Donzé, who for years has tracked the ebb and flow of global central bank liquidity provision and its interplay with markets, otherwise isn’t a fan of US stocks. In asset-allocation funds that he co-manages, he is underweight, seeing American equities as expensive and vulnerable to tighter Fed monetary policy. Yet his view on the debt ceiling has caused him to increase his allocation.

“The debt ceiling issue is hitting the street and the net effect of this is the exact opposite of what you might expect,” Donzé said in an interview. “We feel still comfortable having less risk in the US, but a better-than-expected liquidity story has allowed us to make some reallocation.”

The view may seem counter-intuitive, given the risk that lawmakers fail to raise the debt limit in time to avert a US default on its debt. Many look back at 2011, the most serious debt ceiling episode of recent years, when stocks slumped in late July amid a political standoff over budget deficits and the debt ceiling.
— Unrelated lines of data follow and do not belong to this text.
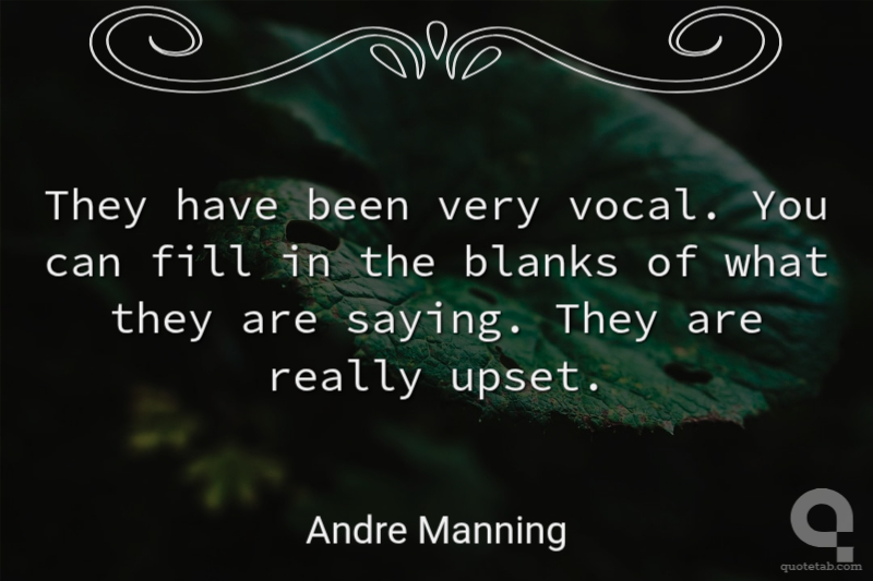 They have been very vocal. You can fill in the blanks of what they are saying. They are really upset. Andre Manning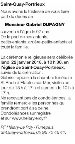 Décédé à Saint-Quay-Portrieux (22410, France) le mercredi 17 janvier 2018 à l'âge de 97 ans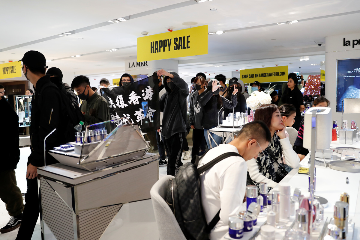 Scores of black clad, mask wearing protesters chanted slogans including "Revive Hong Kong, revolution of our time," and "Hong Kong independence" as they roamed the malls.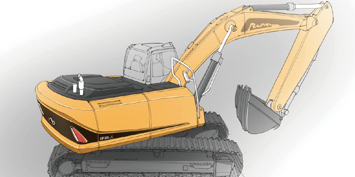 挖掘機繼承傳統(tǒng)的樣式樣貌,但色彩比例搭配有所創(chuàng)新。黃色與黑色的酷炫搭配,既能使操作工增加樂趣,也能使挖掘機本身具有一定的吸引力。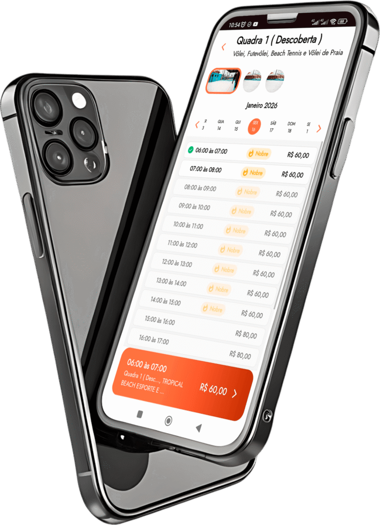 Nossa plataforma de agendamentos é 100% online e permite que você escolha a quadra, o esporte e o horário em poucos cliques.

The two sides agreed to raise the limit at the last minute, though S&P stripped the US of its AAA credit rating in the aftermath.

The US Treasury last month began special accounting maneuvers to avoid breaching the limit on the amount it can borrow. Congress now must raise it to allow the government to continue spending and paying its debts, though the Republicans who control the House of Representatives are trying to extract budget cuts from the White House in return for authorizing an increase.